▶ Dataset section:
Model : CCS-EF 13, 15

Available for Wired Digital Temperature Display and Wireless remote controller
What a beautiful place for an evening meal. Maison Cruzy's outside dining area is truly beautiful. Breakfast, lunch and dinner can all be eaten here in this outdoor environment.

▶ Task: Restate exactly each line of the data from the one bearing "Available for Wired" to the end, and add nothing.

▶ Written solution:
Available for Wired Digital Temperature Display and Wireless remote controller
What a beautiful place for an evening meal. Maison Cruzy's outside dining area is truly beautiful. Breakfast, lunch and dinner can all be eaten here in this outdoor environment.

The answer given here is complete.